To our knowledge, this is the first paper to provide a fully parametric method for causal mediation analysis with time-varying mediators. We develop an algorithm and corresponding SAS macro to use the mediational g-formula parametrically. We use the parametric approach to obtain estimates for the mediational g-formula by adapting the g-formula macro externally to build our SAS macro. Similar to the g-formula, we use Monte-Carlo simulation and bootstrapping methods for point and interval estimation, respectively. Since the estimation is an approximation of the maximum likelihood estimation, this estimation is asymptotically efficient provided the regression models are all correctly specified, while the inverse probability weighting does not achieve the efficiency bound in a model where parametric assumptions about the weights and the marginal structural modeling are correct. In addition, like other simulation-based methods39, the approach here has the advantage of allowing for very flexible models such as quadratic linear models.

The parametric mediational g-formula provides a powerful method to investigate the mechanisms of an effect through time-varying mediators. Traditional techniques, allowing only one observation of the mediator and restricting it to variables occurring immediately after the exposure, inadequately capture the indirect effect when the exposures affect the mediators over time. One alternative approach is to estimate the controlled direct effect, the effect of the exposures on the outcome when fixing the mediators at certain values. Obtained by applying the g-formula and specifying the mediators to these values, the controlled direct effect estimate provides valuable information for policy makers. For example, from FHS data we can provide the effect of smoking cessation decreasing systolic blood pressure if BMI is fixed to a certain level. This is also described elaborately elsewhere40. The effects from the meditational g-formula will, however, further allow for effect decomposition.
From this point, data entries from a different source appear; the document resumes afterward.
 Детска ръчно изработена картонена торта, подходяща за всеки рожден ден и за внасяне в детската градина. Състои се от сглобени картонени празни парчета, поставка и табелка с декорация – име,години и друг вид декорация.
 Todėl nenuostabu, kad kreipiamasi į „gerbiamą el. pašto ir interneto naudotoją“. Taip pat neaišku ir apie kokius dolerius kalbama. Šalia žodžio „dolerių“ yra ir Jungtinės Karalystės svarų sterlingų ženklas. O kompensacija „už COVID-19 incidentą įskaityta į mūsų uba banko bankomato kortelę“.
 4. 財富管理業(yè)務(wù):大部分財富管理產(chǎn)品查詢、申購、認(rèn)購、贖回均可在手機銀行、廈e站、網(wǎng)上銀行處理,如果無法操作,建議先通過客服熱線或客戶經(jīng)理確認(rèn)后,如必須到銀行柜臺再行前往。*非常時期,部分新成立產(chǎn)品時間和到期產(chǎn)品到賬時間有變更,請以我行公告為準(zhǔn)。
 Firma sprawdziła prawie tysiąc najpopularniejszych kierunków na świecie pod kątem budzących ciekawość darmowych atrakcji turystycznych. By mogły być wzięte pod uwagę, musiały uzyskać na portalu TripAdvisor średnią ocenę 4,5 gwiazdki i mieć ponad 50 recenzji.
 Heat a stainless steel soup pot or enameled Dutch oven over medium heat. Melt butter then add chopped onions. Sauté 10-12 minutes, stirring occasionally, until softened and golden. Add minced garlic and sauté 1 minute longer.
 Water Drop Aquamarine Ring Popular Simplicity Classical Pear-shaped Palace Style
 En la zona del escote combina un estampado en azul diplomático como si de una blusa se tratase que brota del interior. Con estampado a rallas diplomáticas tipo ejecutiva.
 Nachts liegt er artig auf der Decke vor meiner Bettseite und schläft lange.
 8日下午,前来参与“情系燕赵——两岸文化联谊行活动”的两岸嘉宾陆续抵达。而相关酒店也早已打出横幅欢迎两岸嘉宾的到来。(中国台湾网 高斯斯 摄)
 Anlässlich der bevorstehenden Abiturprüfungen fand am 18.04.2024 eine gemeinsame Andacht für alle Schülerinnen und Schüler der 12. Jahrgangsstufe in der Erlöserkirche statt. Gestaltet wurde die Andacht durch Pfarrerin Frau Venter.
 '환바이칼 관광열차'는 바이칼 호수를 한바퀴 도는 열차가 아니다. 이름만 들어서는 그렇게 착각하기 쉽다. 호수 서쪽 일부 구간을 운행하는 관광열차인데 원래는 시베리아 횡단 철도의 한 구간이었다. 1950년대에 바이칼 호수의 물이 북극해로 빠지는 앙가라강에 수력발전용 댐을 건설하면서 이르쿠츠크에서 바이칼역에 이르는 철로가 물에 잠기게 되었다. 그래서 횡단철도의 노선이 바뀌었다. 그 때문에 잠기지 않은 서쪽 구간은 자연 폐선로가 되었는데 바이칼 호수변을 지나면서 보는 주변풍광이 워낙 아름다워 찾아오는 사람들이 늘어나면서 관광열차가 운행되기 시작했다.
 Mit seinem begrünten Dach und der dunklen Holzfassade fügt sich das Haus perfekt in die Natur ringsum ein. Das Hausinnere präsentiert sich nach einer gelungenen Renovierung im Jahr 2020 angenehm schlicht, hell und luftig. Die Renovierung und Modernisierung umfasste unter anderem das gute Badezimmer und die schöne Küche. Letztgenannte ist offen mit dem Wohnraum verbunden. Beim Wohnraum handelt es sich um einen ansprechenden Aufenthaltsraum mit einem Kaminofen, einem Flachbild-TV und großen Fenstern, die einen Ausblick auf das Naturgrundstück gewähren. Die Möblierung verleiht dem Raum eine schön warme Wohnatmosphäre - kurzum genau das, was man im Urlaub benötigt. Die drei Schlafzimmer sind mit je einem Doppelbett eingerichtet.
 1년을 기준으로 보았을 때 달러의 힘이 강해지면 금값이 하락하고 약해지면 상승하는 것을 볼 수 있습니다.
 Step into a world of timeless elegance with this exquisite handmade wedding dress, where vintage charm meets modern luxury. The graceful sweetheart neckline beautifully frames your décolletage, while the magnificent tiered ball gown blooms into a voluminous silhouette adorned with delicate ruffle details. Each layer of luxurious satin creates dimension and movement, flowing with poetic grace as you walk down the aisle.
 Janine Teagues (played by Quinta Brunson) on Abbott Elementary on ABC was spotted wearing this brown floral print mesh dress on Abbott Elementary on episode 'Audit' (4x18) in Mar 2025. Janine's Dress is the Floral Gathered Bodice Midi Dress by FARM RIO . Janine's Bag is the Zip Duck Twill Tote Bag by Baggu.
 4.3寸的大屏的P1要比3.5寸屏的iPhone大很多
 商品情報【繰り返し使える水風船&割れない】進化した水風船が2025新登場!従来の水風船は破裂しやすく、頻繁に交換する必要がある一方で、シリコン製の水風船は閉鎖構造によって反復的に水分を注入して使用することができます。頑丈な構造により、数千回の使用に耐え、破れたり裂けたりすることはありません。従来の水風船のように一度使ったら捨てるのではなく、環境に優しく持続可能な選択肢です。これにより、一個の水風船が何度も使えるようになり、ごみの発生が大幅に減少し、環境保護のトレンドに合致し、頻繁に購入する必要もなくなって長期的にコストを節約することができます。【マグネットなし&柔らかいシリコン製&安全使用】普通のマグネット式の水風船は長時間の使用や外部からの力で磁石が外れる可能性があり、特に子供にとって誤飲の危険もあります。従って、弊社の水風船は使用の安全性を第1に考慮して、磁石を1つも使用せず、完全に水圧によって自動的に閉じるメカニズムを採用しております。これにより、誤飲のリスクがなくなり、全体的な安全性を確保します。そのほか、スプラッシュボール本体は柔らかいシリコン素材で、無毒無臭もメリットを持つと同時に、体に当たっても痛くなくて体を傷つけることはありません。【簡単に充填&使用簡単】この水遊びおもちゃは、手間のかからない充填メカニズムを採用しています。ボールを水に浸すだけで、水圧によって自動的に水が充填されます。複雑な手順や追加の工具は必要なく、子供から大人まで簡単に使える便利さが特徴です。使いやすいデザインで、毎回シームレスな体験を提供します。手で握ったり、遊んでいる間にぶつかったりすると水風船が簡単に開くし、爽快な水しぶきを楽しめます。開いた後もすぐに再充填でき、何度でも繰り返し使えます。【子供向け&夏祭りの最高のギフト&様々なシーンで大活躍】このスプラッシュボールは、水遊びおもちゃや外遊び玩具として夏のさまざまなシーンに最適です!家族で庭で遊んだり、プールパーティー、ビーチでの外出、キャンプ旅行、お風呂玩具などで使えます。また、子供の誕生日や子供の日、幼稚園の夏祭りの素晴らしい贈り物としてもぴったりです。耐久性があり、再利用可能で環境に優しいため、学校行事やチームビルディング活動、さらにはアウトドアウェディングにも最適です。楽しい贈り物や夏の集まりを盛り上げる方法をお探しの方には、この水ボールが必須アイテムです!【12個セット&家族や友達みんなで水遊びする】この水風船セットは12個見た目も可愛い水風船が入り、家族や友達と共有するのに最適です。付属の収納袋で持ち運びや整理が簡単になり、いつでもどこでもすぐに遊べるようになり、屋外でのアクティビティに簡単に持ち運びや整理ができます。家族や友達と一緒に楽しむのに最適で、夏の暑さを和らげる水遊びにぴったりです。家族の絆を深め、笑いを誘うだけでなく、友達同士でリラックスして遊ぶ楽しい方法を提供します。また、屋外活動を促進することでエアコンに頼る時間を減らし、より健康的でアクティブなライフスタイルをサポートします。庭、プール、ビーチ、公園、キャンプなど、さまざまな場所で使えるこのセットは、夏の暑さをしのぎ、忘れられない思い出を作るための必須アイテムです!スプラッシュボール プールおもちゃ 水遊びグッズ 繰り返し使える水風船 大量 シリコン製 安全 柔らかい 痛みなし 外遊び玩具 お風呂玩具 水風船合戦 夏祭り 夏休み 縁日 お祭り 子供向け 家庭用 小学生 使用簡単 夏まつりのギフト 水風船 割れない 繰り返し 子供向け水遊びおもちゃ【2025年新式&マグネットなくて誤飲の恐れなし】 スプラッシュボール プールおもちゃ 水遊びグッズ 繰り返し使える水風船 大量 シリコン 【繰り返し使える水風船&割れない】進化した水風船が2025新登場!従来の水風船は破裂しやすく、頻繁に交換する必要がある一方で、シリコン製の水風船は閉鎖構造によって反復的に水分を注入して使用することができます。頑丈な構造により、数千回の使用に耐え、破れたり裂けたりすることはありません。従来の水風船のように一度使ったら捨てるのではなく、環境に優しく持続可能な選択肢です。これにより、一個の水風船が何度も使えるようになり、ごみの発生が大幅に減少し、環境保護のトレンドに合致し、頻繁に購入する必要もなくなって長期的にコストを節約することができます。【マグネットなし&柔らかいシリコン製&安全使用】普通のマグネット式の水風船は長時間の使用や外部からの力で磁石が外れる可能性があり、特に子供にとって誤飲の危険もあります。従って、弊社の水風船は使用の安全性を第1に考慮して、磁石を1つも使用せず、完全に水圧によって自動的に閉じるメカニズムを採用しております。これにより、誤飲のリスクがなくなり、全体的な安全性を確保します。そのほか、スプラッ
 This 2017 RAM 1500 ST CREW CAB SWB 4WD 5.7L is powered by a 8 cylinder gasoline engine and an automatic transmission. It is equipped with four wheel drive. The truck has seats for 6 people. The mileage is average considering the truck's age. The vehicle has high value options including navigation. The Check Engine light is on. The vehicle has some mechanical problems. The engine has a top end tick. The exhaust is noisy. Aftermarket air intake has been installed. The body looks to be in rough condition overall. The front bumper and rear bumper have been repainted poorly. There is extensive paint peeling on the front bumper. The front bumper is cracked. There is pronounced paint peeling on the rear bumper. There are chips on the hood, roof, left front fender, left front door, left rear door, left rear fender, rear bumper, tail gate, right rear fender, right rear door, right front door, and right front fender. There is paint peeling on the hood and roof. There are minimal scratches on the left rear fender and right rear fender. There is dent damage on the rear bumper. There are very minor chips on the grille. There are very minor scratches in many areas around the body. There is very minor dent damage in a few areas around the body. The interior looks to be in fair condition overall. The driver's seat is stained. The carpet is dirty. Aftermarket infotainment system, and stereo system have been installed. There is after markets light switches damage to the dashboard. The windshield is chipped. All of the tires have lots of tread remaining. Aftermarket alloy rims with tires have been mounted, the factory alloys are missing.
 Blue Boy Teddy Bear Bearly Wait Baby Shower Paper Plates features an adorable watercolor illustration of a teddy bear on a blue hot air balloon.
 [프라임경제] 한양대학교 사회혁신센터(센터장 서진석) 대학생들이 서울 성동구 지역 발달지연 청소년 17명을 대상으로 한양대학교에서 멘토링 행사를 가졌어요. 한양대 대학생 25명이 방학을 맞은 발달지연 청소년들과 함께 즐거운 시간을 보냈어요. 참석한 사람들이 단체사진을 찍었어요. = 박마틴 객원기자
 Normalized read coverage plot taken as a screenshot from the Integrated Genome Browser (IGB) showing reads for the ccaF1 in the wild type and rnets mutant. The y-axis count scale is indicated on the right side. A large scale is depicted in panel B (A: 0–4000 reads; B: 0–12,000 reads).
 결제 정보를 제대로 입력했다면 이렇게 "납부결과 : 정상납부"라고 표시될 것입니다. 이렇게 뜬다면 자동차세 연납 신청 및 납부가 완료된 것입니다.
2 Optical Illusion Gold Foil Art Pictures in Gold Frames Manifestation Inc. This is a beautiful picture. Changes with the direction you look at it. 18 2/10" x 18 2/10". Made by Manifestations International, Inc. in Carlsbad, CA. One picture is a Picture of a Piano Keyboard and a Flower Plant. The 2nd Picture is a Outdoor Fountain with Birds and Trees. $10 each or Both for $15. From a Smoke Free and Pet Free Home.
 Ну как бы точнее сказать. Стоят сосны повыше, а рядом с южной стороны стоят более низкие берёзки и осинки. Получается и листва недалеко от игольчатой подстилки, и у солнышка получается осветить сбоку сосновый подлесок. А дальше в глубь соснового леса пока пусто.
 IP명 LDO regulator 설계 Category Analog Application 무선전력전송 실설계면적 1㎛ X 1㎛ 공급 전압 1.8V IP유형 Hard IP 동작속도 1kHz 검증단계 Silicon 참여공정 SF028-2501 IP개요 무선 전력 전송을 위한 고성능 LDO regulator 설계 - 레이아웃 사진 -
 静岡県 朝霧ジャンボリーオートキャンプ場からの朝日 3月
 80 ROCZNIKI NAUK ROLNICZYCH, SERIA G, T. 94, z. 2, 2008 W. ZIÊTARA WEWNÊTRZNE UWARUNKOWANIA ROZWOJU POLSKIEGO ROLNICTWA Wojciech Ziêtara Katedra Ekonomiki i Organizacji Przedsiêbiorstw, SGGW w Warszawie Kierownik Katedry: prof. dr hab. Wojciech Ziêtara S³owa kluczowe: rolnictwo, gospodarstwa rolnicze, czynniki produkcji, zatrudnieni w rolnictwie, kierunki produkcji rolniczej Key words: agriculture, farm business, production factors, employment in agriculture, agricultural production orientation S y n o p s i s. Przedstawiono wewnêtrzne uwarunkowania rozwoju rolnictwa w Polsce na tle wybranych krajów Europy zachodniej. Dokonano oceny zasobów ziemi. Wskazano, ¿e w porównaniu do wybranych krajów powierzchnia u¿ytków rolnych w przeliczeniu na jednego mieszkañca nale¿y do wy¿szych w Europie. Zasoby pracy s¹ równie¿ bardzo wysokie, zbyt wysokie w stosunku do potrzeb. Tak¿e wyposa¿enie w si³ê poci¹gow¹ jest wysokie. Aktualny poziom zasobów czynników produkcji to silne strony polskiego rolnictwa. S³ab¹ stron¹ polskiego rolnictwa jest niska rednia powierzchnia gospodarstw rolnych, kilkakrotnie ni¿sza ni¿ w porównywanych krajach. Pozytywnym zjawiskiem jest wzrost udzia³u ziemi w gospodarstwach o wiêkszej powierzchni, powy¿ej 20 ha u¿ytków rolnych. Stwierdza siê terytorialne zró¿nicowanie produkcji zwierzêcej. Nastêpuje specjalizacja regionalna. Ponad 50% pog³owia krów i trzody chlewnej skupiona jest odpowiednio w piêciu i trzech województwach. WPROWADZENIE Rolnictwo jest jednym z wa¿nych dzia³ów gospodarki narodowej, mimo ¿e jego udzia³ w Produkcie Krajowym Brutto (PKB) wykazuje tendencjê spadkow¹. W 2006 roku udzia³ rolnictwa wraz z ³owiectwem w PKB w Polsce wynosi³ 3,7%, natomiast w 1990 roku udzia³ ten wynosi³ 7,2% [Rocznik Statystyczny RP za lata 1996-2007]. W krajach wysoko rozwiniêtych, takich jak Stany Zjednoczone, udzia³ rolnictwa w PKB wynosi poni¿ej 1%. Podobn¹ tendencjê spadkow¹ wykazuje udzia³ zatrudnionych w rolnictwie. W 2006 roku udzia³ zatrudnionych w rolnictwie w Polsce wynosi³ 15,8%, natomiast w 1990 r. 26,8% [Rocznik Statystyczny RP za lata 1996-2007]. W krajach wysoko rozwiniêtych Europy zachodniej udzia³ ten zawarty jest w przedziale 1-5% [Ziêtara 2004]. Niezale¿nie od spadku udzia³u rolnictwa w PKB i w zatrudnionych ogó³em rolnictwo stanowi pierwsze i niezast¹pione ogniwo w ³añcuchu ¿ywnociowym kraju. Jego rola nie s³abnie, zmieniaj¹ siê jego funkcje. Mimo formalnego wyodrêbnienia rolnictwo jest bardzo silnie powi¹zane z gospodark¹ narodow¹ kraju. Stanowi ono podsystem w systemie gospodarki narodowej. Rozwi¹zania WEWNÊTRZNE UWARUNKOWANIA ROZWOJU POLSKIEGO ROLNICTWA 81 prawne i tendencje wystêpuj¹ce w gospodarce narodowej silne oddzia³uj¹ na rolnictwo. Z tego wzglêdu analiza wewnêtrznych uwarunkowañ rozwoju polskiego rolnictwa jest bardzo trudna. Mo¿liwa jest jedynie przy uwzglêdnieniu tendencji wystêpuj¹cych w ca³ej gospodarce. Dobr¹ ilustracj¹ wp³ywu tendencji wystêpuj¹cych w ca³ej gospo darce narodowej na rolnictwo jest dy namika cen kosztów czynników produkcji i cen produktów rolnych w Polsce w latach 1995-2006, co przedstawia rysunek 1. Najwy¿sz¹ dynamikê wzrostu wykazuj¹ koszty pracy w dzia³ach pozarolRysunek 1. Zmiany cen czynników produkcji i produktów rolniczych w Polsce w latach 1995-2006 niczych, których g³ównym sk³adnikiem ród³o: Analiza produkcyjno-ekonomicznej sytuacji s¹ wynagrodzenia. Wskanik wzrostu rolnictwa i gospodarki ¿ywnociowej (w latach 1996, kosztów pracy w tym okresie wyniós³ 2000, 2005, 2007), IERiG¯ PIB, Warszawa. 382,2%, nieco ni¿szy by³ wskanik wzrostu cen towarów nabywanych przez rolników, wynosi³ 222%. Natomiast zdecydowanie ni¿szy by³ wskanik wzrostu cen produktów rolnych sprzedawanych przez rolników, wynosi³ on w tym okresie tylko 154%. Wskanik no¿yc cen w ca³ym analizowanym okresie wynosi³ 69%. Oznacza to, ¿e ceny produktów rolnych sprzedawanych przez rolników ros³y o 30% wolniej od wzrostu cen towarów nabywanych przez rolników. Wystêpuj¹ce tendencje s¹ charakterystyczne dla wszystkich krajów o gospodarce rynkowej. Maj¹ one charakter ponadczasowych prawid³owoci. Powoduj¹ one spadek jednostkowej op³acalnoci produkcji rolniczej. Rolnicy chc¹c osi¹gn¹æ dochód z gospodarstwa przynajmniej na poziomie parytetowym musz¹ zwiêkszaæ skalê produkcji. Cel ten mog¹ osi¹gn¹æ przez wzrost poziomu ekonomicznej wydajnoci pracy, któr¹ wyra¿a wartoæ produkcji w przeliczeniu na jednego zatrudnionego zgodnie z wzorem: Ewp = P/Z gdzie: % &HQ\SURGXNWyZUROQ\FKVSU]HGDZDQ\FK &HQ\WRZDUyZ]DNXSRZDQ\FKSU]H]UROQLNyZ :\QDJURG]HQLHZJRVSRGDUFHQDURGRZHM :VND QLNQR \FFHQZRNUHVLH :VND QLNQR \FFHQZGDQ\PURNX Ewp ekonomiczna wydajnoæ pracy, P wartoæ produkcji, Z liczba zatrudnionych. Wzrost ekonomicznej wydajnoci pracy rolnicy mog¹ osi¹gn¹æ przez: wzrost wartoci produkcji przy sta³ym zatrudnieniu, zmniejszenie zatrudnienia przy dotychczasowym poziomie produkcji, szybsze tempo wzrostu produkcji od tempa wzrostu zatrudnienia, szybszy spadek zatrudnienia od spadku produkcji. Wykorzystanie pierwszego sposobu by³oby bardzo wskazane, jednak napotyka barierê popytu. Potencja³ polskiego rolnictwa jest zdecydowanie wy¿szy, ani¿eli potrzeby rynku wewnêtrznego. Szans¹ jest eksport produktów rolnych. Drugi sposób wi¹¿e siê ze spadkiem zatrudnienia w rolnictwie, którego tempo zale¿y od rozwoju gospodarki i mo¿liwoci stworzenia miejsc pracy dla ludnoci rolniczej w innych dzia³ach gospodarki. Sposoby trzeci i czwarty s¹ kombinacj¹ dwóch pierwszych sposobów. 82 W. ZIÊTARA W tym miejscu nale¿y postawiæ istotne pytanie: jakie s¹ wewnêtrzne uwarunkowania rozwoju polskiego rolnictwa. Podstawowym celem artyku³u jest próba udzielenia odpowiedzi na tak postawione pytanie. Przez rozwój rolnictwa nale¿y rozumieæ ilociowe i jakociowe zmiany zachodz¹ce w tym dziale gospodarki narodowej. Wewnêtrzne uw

This study provides direct evidence for the hypothesis that “the adverse effect of smoking on high blood pressure is partially concealed by weight loss”13,21. The concealment of the effect is partial because smoking is not substantially associated with weight loss (Table 3). Some studies report that smoking cessation increases blood pressure21,22. The discrepancy with these studies might be attributed to a different analysis approach or simply the special characteristics of FHS participants.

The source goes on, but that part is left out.